ビジョン検索アシスタント：ビジョン言語モデルをマルチモーダル検索エンジンとして強化する

要旨

検索エンジンは、テキストを用いて未知の情報を取得することを可能にします。しかし、伝統的な方法は、見慣れない視覚コンテンツを理解する際には不十分であり、例えばモデルが以前に見たことのないオブジェクトを識別する場合などに問題が生じます。この課題は、大規模なビジョン言語モデル（VLMs）にとって特に顕著です。もしモデルが画像に描かれたオブジェクトに触れたことがない場合、その画像に関するユーザーの質問に信頼性のある回答を生成することが難しくなります。さらに、新しいオブジェクトやイベントが継続的に現れる中、VLMsを頻繁に更新することは、高い計算負荷のため実用的ではありません。この制限に対処するために、我々はVision Search Assistantを提案します。これは、VLMsとWebエージェントの協力を促進する新しいフレームワークです。このアプローチは、VLMsの視覚理解能力とWebエージェントのリアルタイム情報アクセスを活用し、Webを介したオープンワールドの検索増強生成を行います。この協力を通じて視覚的およびテキスト表現を統合することで、システムにとって画像が新しい場合でも、モデルは情報を提供できます。オープンセットおよびクローズドセットのQAベンチマークで実施された幅広い実験は、Vision Search Assistantが他のモデルを大幅に上回り、既存のVLMsに広く適用できることを示しています。

English

Search engines enable the retrieval of unknown information with texts. However, traditional methods fall short when it comes to understanding unfamiliar visual content, such as identifying an object that the model has never seen before.

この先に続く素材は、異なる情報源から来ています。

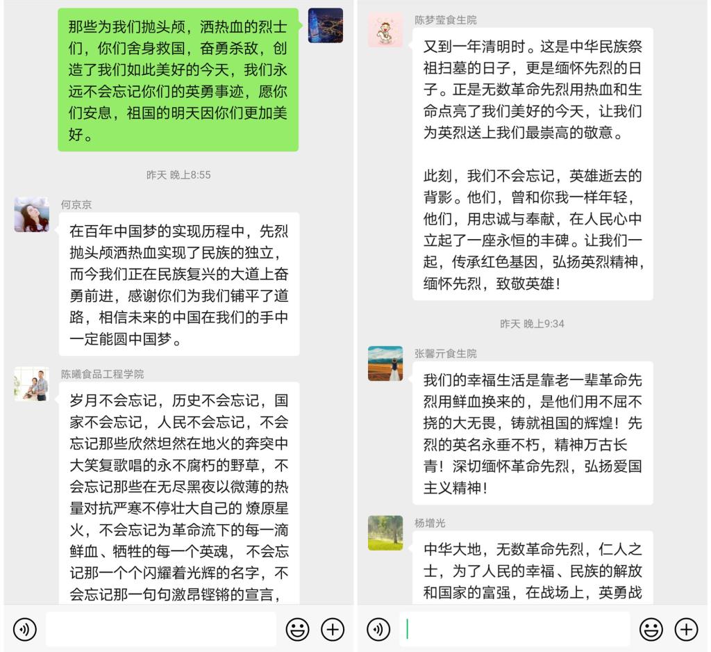 公司师生通过手机H5或中国文明网微信公众号进行网上献花,在微信群、QQ群进行祭英烈留言。何京京老师留言:我们要弘扬先烈的崇高精神,革命传统要牢牢记在心头,以此激励我们、警示我们,要珍惜革命先烈用鲜血和生命换来的今天社会安定祥和、经济持续增长、人民安居乐业的美好生活;20食安02田笑留言:我们要弘扬先烈的崇高精神,革命传统要牢牢记在心头,以此激励我们、警示我们,要珍惜革命先烈用鲜血和生命换来的今天社会安定祥和、经济持续增长、人民安居乐业的美好生活。
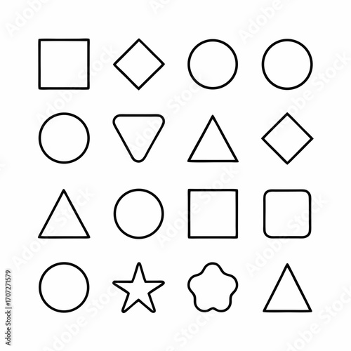 Geometric Abstract Outline Icons Set Thin Line Vector Shapes, Minimal Black Line Art
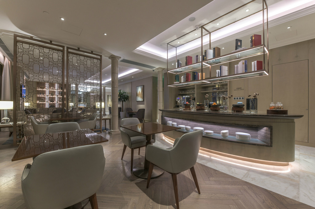 酒店大厅的正中央就是大堂吧廷廊,休闲而小资的环境更进一步的彰显了Stay-Vacation 的理念了,在这里可以让你不心疼的花上半天的时间在这里消磨时光,感觉真的太赞了。大堂吧廷廊超挑高欧洲宫廷穹顶真的是一大亮点,透过整面玻璃幕墙可见英伦户外花园,环境优雅大气,雅致的布艺沙发具有极佳的舒适度,盛载着茶点的银质经典托盘搭配Wedgwood,特别定制款“Langham Rose”朗廷玫瑰图案瓷器茶具精致典雅,一种维多利亚时代的优雅和高贵扑面而来。已经成为合肥城中网红打卡必经之地。山野君在这里享用下午茶休憩半晌,如果是一家人或是和朋友们一起来想必更加惬意。
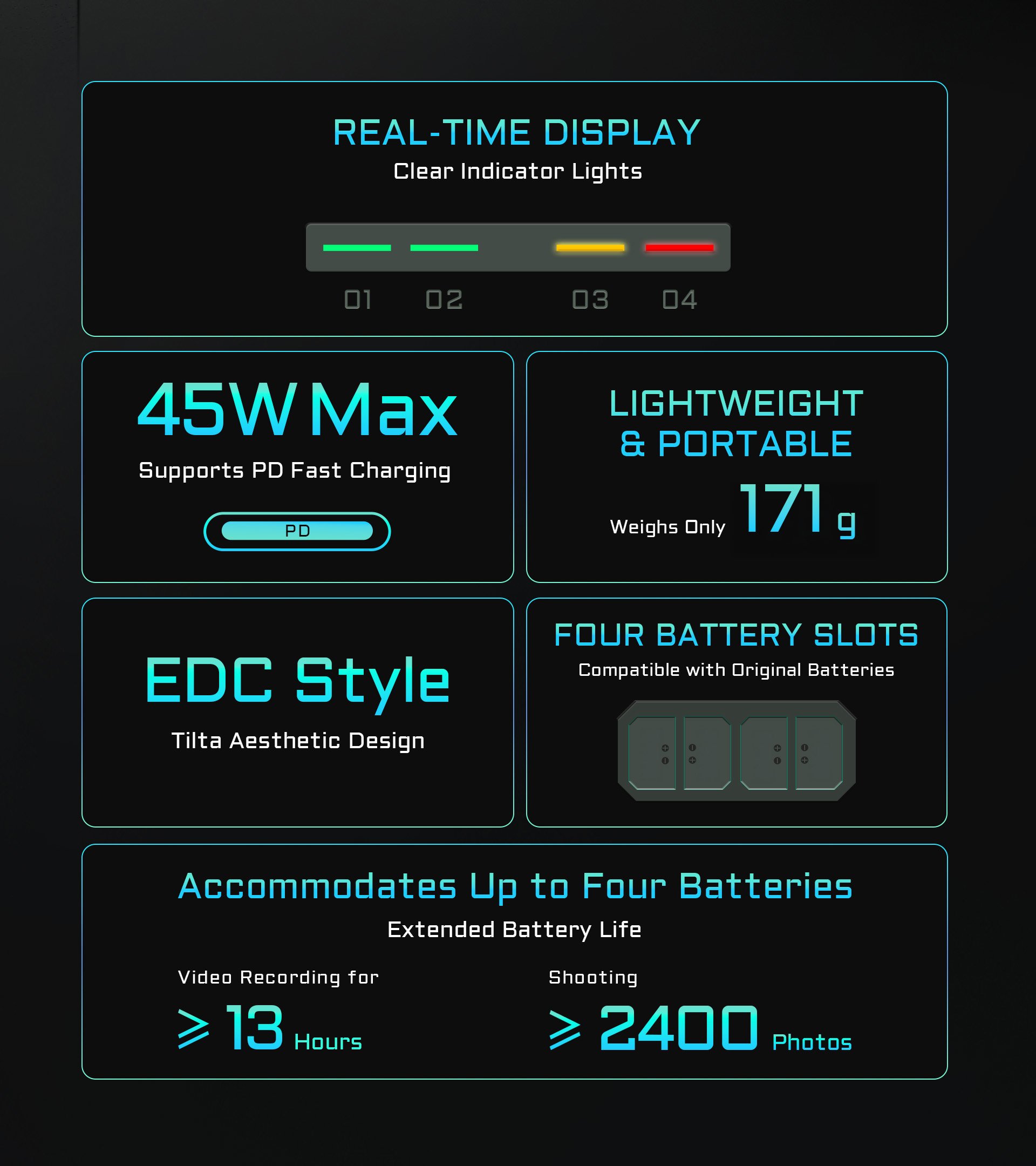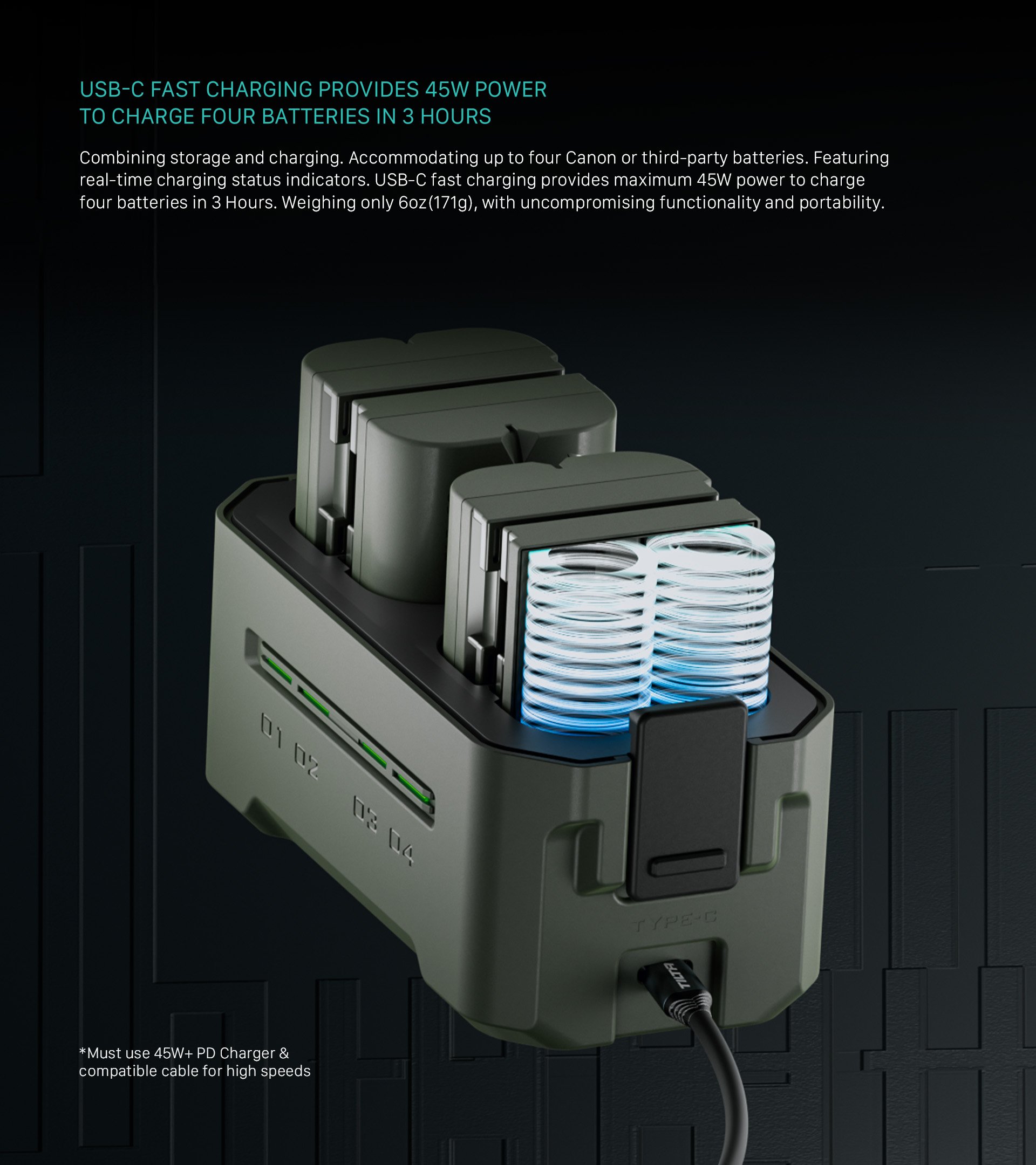 Táto kompaktná nabíjacia stanica je navrhnutá tak, aby podporovala batérie Canon a batérie LP-E6 iných výrobcov, a ponúka štyri sloty na jednoduché nabíjanie a pohodlné skladovanie. Je vybavená rýchlym nabíjaním PD s výkonom 45 W a poskytuje o pôsobivých 68 % vyššiu rýchlosť nabíjania ako štandardná jednoduchá nabíjačka, vďaka čomu sú vaše batérie pripravené na akciu už za 3 hodiny.
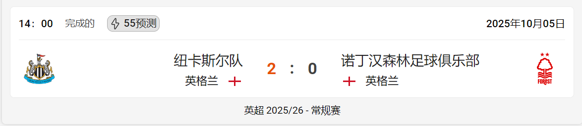 80块钱一张 2025年10月05日纽卡斯尔队诺丁汉森林足球俱乐部:足球比赛概述与实时更新 纽卡斯尔队 (英格兰) 与 诺丁汉森林足球俱乐部 (英格兰) 之间的足球比赛于星期日 2025年10月05日 在 14:00 结束,比分为2 : 0,有利于 纽卡斯尔队。这场比赛是 常规赛 的一部分英超 2025/26。 由于比赛已经结束,因此纽卡斯尔队对阵诺丁汉森林足球俱乐部的投注已不再接受和可用。
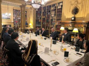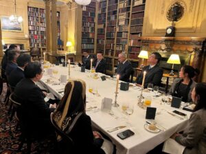 នៅល្ងាចថ្ងៃសុក្រ ៥ រោច ខែអស្សុជ ឆ្នាំថោះ បញ្ចស័ក ព.ស. ២៥៦៧ ត្រូវនឹងថ្ងៃទី ៣ ខែវិច្ឆិកា ឆ្នាំ២០២៣ នៅទីក្រុងឡុងដ៏ ចក្រភពអង់គ្លេស ឯកឧត្តមបណ្ឌិត កៅ គឹមហួន អគ្គលេខាធិការអាស៊ាន បានអញ្ជើញពិសាបាយការងារជាមួយសមាជិកគណៈកម្មាធិការអាស៊ានប្រចាំទីក្រុងឡុងដ៏ នៅឯស្ថានទូតរបស់ហ្វីលីពីនប្រចាំចក្រភពអង់គ្លេស។ ឯកឧត្តមអគ្គលេខាធិការអាស៊ាន បានធ្វើបច្ចុប្បន្នភាពជូនគណៈកម្មាធិការអាស៊ានប្រចាំទីក្រុងឡុងដ៏ អំពីការវិវត្តន៍ថ្មីៗ នៅក្នុងអាស៊ាន និងទំនាក់ទំនងរវាងអាស៊ាន និងអង់គ្លេស។ ឯកឧត្តមបណ្ឌិត ក៏បានសំដែងនូវអំណរគុណចំពោះគណៈកម្មាធិការសម្រាប់ការបន្តគាំទ្រពង្រឹងភាពជាដៃគូអាស៊ាន និងអង់គ្លេស។

This challenge is particularly pronounced for large vision-language models (VLMs): if the model has not been exposed to the object depicted in an image, it struggles to generate reliable answers to the user's question regarding that image. Moreover, as new objects and events continuously emerge, frequently updating VLMs is impractical due to heavy computational burdens. To address this limitation, we propose Vision Search Assistant, a novel framework that facilitates collaboration between VLMs and web agents. This approach leverages VLMs' visual understanding capabilities and web agents' real-time information access to perform open-world Retrieval-Augmented Generation via the web. By integrating visual and textual representations through this collaboration, the model can provide informed responses even when the image is novel to the system. Extensive experiments conducted on both open-set and closed-set QA benchmarks demonstrate that the Vision Search Assistant significantly outperforms the other models and can be widely applied to existing VLMs.